Entourage Health Corp. ETRGF ENTG(FSE:4WE) released its financial results for the three months ended March 31, 2022, revealing total revenue of $15.8 million, up 17% sequentially over Q4 2021.
Q1 2022 Financial Highlights
Gross revenue of $17.4 million, and net revenue of $15.8 million less excise tax for total net revenues of $12.4 million compared to $10.6 million for the quarter ended December 31, 2021, a 17% sequential increase and 21% year-over-year improvement.
Gross profit before changes in fair value was $2.7 million for Q1 2022, representing an increase in profit of $2.5 million or 992% due to improved efficiencies and partly due to lower inventory write-downs in Q1 2022.
Gross margins of 22% in Q1 2022 compared to (-8%) for Q4 2021 and 2.4% in Q1 2021, the improvement over the prior periods a result of lower cost to produce higher grade products, sold at higher margins across expanded distribution channels.
Adjusted EBITDA improved by $1.0 million to $563,000 in Q1, 2022, compared with negative $(432,000) in Q4, 2021, also primarily driven by strategic transformation initiatives to lower costs and partly due to generating higher-margin revenue and spending lower selling, general and administrative expenses.
Loss and comprehensive loss was $8.76 million compared to $44.5 million in Q4 2021.
Cash and cash equivalents at the end of Q1 were $9.98 million
“Our first quarter results reflect our strongest operating performance to-date – mainly from fulfilling some of the largest purchase orders in our company’s history with exemplary delivery rates while consistently producing higher-grade cannabis at higher efficiencies. All of this contributed to notable increases in our adult-use and medical sales – up over 35% from last year,” stated George Scorsis, CEO and executive chair, Entourage.

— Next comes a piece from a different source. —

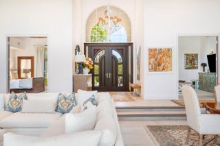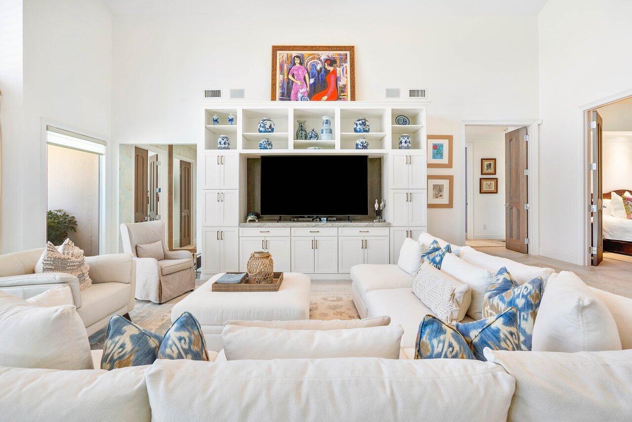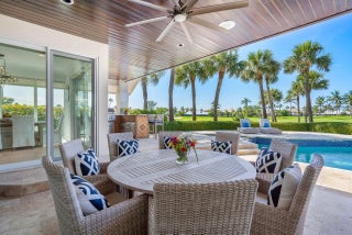 Stunning home situated in a peaceful cul-de-sac is perfectly designed to capitalize on the breathtaking panoramic views of the golf course & lake. Open & spacious floor plan. Property sits on one of the largest & nicest golf course lots in the community. The grand living room boasts magnificent vaulted ceilings, an abundance of windows, & sliding glass doors that lead to the pool deck, allowing for a seamless indoor-outdoor transition. The luxurious master suite boasts a massive walk-in shower, separate tub and beautiful marble. The bedroom itself features high ceilings and direct access to the pool deck. This home also offers a supplemental den & two generously sized en suite bedrooms, providing ample space for family and guests to feel at home.For added privacy, there is a detached guest house complete with a sitting area, two bedrooms, & two bathrooms, offering stunning views of the golf course & a peaceful retreat. Sailfish Point's resort lifestyle includes an oceanfront country club, fine dining, Har-Tru tennis courts, Jack Nicklaus golf, a fitness center, spa, helipad, 1.5 miles of beaches, and 24/7 guarded security.

“Since implementing our strategic transformation initiatives, we have achieved sequential revenue growth and cost improvements. These initiatives continue to produce tangible benefits, including 22% gross margin expansion during the quarter. With our improved liquidity position and financial flexibility thanks to our expanded credit facilities and lenders’ support, we have the resources to continue creating long-term value for all our stakeholders,” continued Scorsis.